Claims made about XHTML

  • XHTML is clean markup, HTML uses deprecated code like <font> tags

    An amazing amount of people associate XHTML with clean non presentational markup, and HTML with presentational markup that uses deprecated code such as <font> tags. Sadly this includes quite a few authors of books on (X)HTML and/or CSS. XHTML 1.0 under a Transitional doctype allows presentational deprecated code like <font> tags, and there is nothing to stop authors from coding HTML without the deprecated presentational code.

  • It's stricter.

    There's nothing to stop an author from applying the same "strictness" to HTML. This is purely down to the author, it doesn't need a stricter DTD. You prefer having closing paragraph tags? What's stopping you from using them? They are valid under HTML. For those that like the idea that validation warns them if they for example forget to close a paragraph element, it's not difficult to validate using a custom HTML DTD that is as "strict" as the XHTML DTD. A short guide to validating against a custom DTD.

  • W3C recommends it.

    They don't, the rules for both HTML and XHTML have been laid out in W3C Recommendations, but W3C does not recommend one over the other.

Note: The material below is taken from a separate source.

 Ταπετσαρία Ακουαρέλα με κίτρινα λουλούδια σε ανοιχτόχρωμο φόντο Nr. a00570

  • Lot's of other sites use it, so it must be good.

    Lot's of Lemmings are jumping off cliffs, do you want to be a Lemming?

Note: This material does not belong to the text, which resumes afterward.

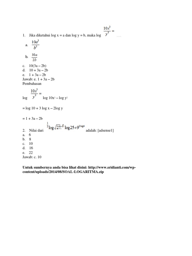 Doc Jawaban Soal Logaritma Donik Ariyanto Academia Edu

  • I serve XHTML because I use XML authoring tools.

    If your authoring process benefits from using XML then by all means use it. It does not form an argument for serving XHTML to clients. Anyone using XML tools knows how easy it is to generate HTML from X(HT)ML.

  • It promotes web standards.

    HTML 4.01 Strict is also a web standard. For those with a craving for displaying those silly "Valid XHTML" buttons on their pages: users shouldn't be bothered with useless information about the site's mechanics onto the main content pages.

  • It's the future, I want to prepare for it now.

    Forgive me for being sceptical about people who claim that they can see into the future (unless you've managed to steal the All Seeing Eye from your Deity). XHTML may well turn out to be a dead duck with Web Applications 1.0 aka HTML 5 as developed by the WhatWG as an alternative way forward.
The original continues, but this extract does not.